Applications and impact
Ordinary kriging finds use in a wide range of professional domains: - Resource estimation in the minerals sector, where owners and investors rely on estimates of ore grade and tonnage to guide development and financing decisions. See mineral exploration and resource estimation. - Groundwater and environmental management, where kriging helps map contaminant concentrations, salinity, or moisture content across unsampled areas. See hydrogeology and environmental monitoring. - Agriculture and soil science, where spatially informed interpolation supports precision farming, irrigation planning, and yield estimation. See soil science and precision agriculture. - Public health and epidemiology in some contexts, where spatial interpolation is used for smoothing surveillance data, though care is needed to avoid masking local outbreaks or biases. See epidemiology and spatial analysis.

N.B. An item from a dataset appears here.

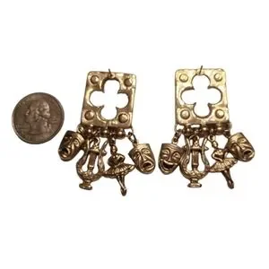Excellent pre owned condition. Vintage - Gold Theater Inspired Charm Statement Earrings. Pierced posts. Masks, harp and Ballerina charms. Will not tarnish.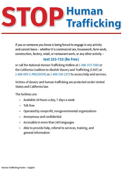 Key red flags: Unexplained hotel key cards, tattooed “branding” (barcodes, names), scripted communication, lack of personal documents, and constant supervision. Report suspicions to the Lassen County Sheriff (530-257-6121) or National Trafficking Hotline (888-373-7888).

Critically, ordinary kriging provides a transparent, model-based approach to estimation with an accompanying quantified uncertainty. Proponents emphasize that, when used with careful variogram modeling, neighborhood selection, and validation, the method supports efficient decision-making under uncertainty. Critics point out that the method relies on assumptions that may not hold in all landscapes or data-generating processes, and that mis-specification of the variogram or overfitting to noisy data can lead to optimistic uncertainty estimates or biased predictions. In debates about data collection, model transparency, and regulatory overhead, the balance tends to favor practical, market-oriented use that emphasizes clear documentation, reproducibility, and accountability for predictions and their consequences.
From this vantage, ordinary kriging is often evaluated not only by predictive accuracy but also by how well its results align with cost-benefit considerations, property rights, and the efficiency of resource allocation. The method’s appeal lies in its explicit handling of uncertainty and its compatibility with decision frameworks that reward clarity, traceability, and scalability.